→ Aim of the exercise
Set down, word for word, only the lines from the start of the records through the line bearing "배출이 끝났으면 기존 드레인볼트를 규정값으로 정확하게 잠가 줍니다."; include no pictures.

Collected data entries
:::::

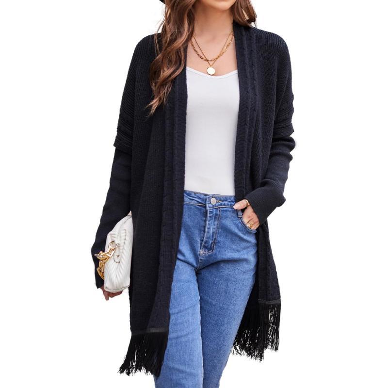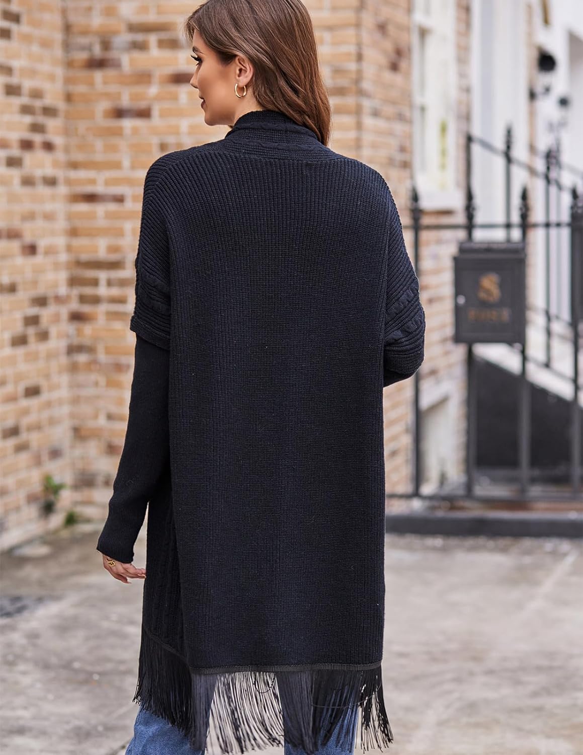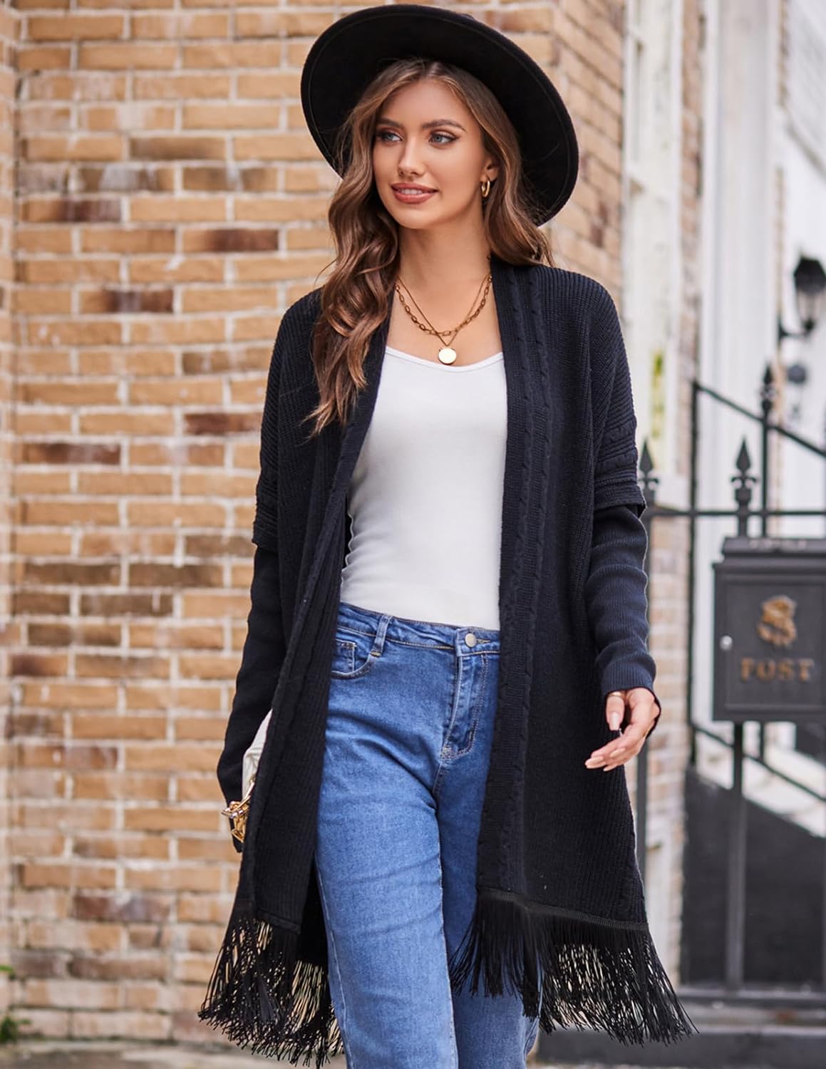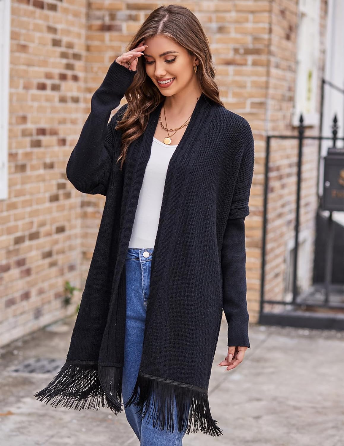 GRACE KARIN Women's Open Front Cardigan Sweater Long Sweater Cardigan with Tassel(Black)
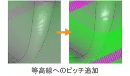 等高線・走査線でのピッチ追加等高線・走査線のツールパスに対して任意の箇所にピッチを追加することができます。形状によりピッチが粗くなることを避けるため、急斜面や緩斜面も継ぎ目のない仕上がりにできます。
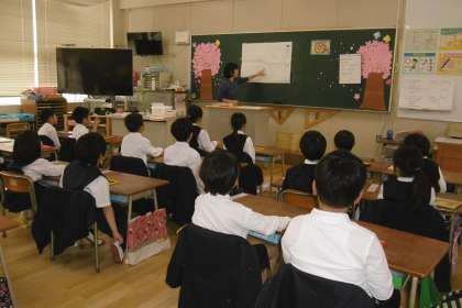 学習の様子 公開日 2018/04/16 更新日 2018/04/16 学校日記 1年生は鉛筆の持ち方や書く時の姿勢の説明を聞き、運筆の学習をしていました。点線に沿ってみんなしっかり書いていました。3年生は国語科「春の子ども」の詩の視写をしていました。大型テレビ画面や先生の視写を見ながら、文字の形や大きさに気を付け、丁寧に書いていました。5年生は算数科「整数と小数」の学習をしていました。整数や小数を10倍・100倍した時の位と小数点の変化を調べていました。 いいね(0)
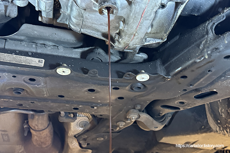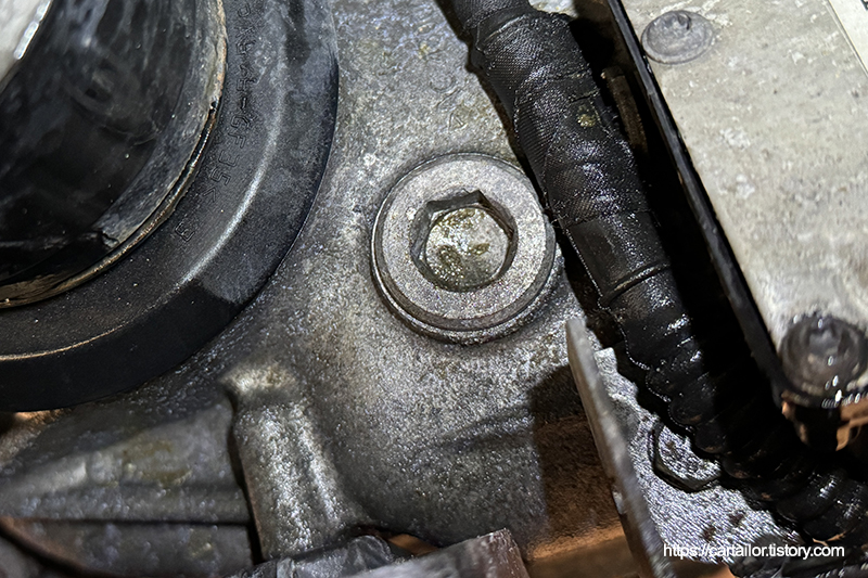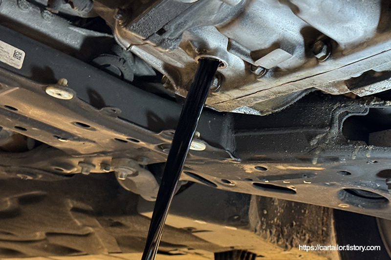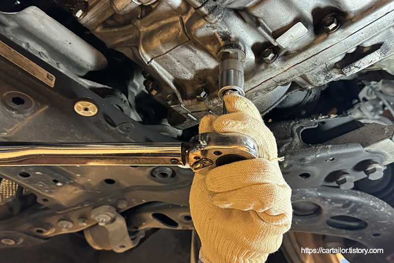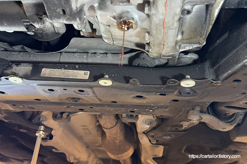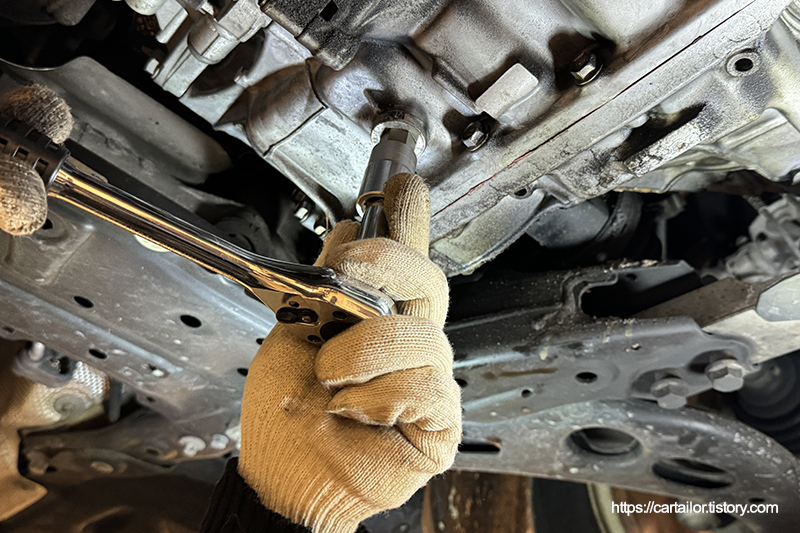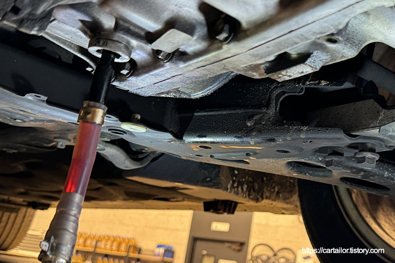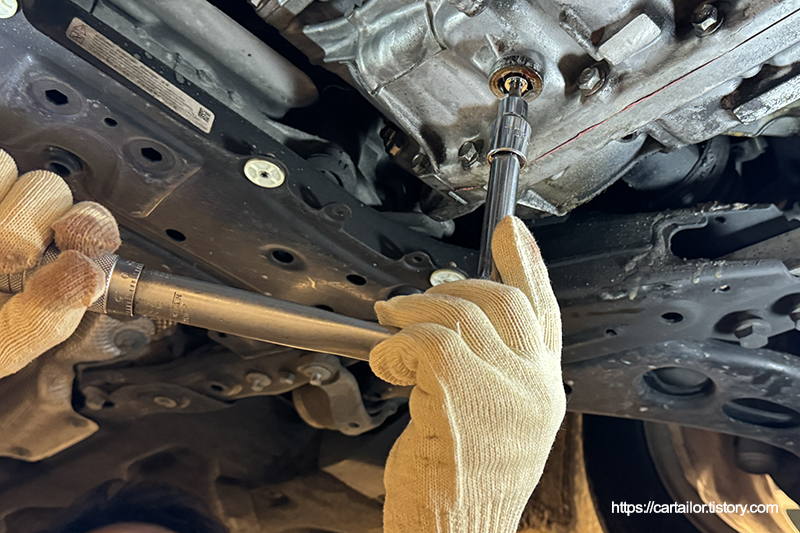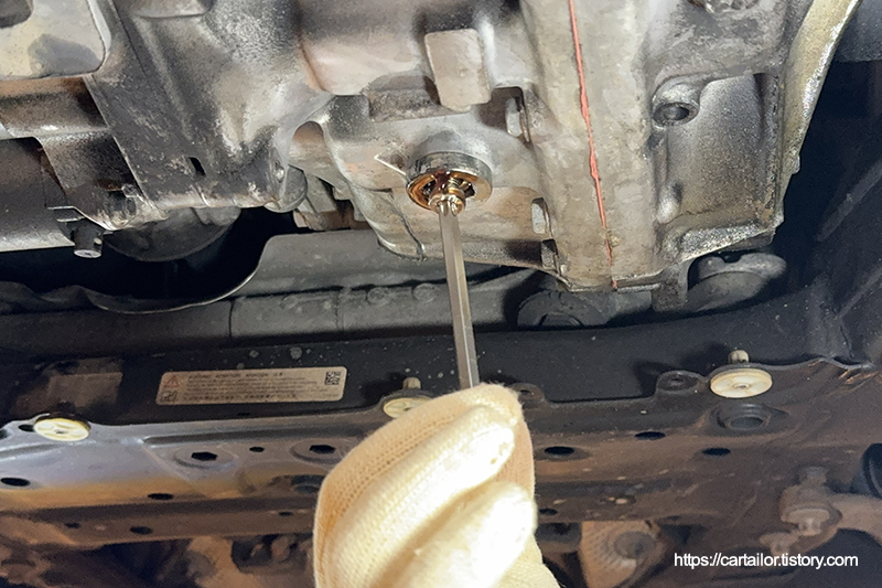 배출이 끝났으면 기존 드레인볼트를 규정값으로 정확하게 잠가 줍니다.
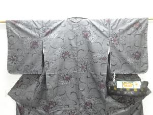 JAPANESE KIMONO / UNUSED / SILK / DORO OSHIMA TSUMUGI / WOVEN FLORAL PLANTS
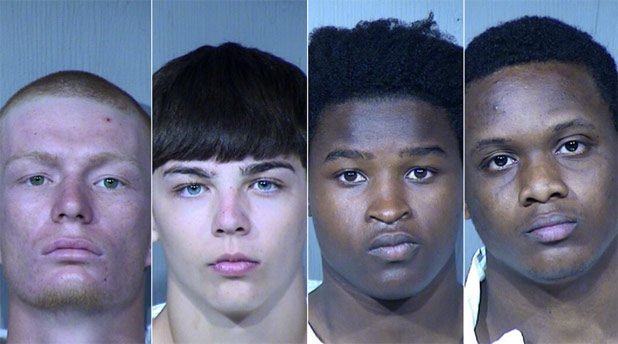 Four men have been arrested in connection with shootings that left one woman dead and a teenage boy seriously hurt, police say. The group was driving around Phoenix on Wednesday morning “looking for homeless people to shoot,” according to court documents.
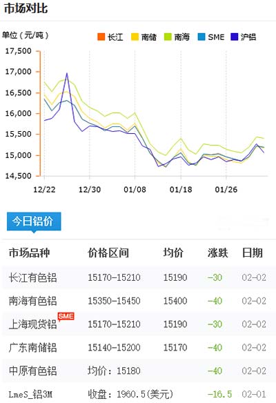 鋁錠價格今日鋁價2021-02-02
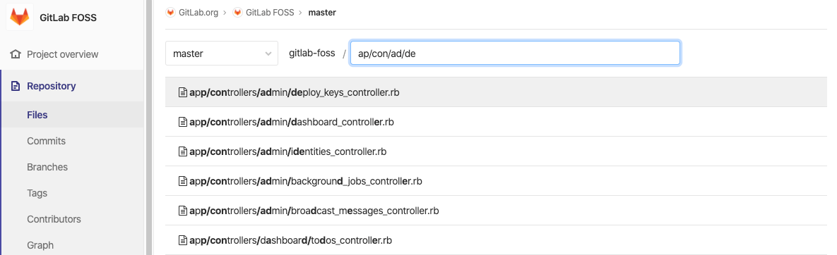 For example, consider the GitLab FOSS repository and that we want to open the app/controllers/admin/deploy_keys_controller.rb file.

:::::

→ Answer to this exercise
 GRACE KARIN Women's Open Front Cardigan Sweater Long Sweater Cardigan with Tassel(Black)
 等高線・走査線でのピッチ追加等高線・走査線のツールパスに対して任意の箇所にピッチを追加することができます。形状によりピッチが粗くなることを避けるため、急斜面や緩斜面も継ぎ目のない仕上がりにできます。
 学習の様子 公開日 2018/04/16 更新日 2018/04/16 学校日記 1年生は鉛筆の持ち方や書く時の姿勢の説明を聞き、運筆の学習をしていました。点線に沿ってみんなしっかり書いていました。3年生は国語科「春の子ども」の詩の視写をしていました。大型テレビ画面や先生の視写を見ながら、文字の形や大きさに気を付け、丁寧に書いていました。5年生は算数科「整数と小数」の学習をしていました。整数や小数を10倍・100倍した時の位と小数点の変化を調べていました。 いいね(0)
 배출이 끝났으면 기존 드레인볼트를 규정값으로 정확하게 잠가 줍니다.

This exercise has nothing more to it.